The objectives of this study were to investigate the clinical biological and histological renal involvement secondary to familial Mediterranean fever (FMF), the epidemiological data, genetics of our patients and their evolution under treatment. We prospectively studied 58 Algerian patients admitted in our nephrology department from January 2012 to January 2021. The diagnosis of nephropathy was suspected clinically and biologically and confirmed histologically. All our patients were tested for MEFV mutations.

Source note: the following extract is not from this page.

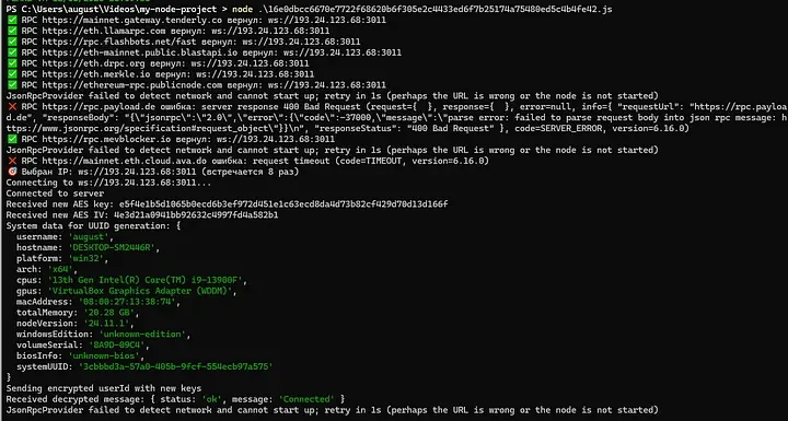 We see it making connections to RPC at multiple different Ethereum Wallet Endpoints. It also gathers host enumeration details as defined earlier in the code review.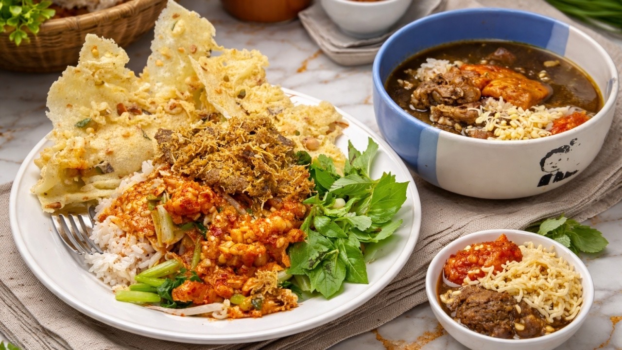 Menu andalan yang paling banyak dibicarakan adalah nasi pecel empal brewok. Nama “brewok” merujuk pada penggunaan serundeng yang menempel tebal di permukaan empal, menciptakan tekstur dan rasa yang unik — perpaduan gurih, manis, dan rempah yang meresap sempurna. Empal brewok ini dibuat sendiri oleh pihak warung, bukan produk jadi, sehingga cita rasanya terjaga keasliannya.

Results: 58 patients, 30 males and 28 females, mean age 31.68 ± 12.71; 3 (5.17%) chronic dialysis patients and 55 (94.82%) referred to the nephrology department for renal biopsy with renal symptomatology consisting of nephrotic syndrome in 50 (94. 73%), associated with renal failure 27 (47.36%), mainly primary in 23 (34.5%), secondary to seronegative lupus 13 (22.4%), Crohn's disease 9 (14.5%), sarcoidosis 3 (5.26%), and lymphoma 1 (1.7%); 29 (50%) were from consangineous marriages, the histological study found AA amyloidosis in 52 (89.6%); the genetic study confirmed the diagnosis of FMF in 58 (100%). The evolution of the patients: 20 (34.48%) followed in consultation, 25 (43.10%) in hemodialysis and 13 (22.41%) deceased. Conclusion: Renal involvement was the revealing complication in the diagnosis of FMF which exists in our country, and is still underdiagnosed.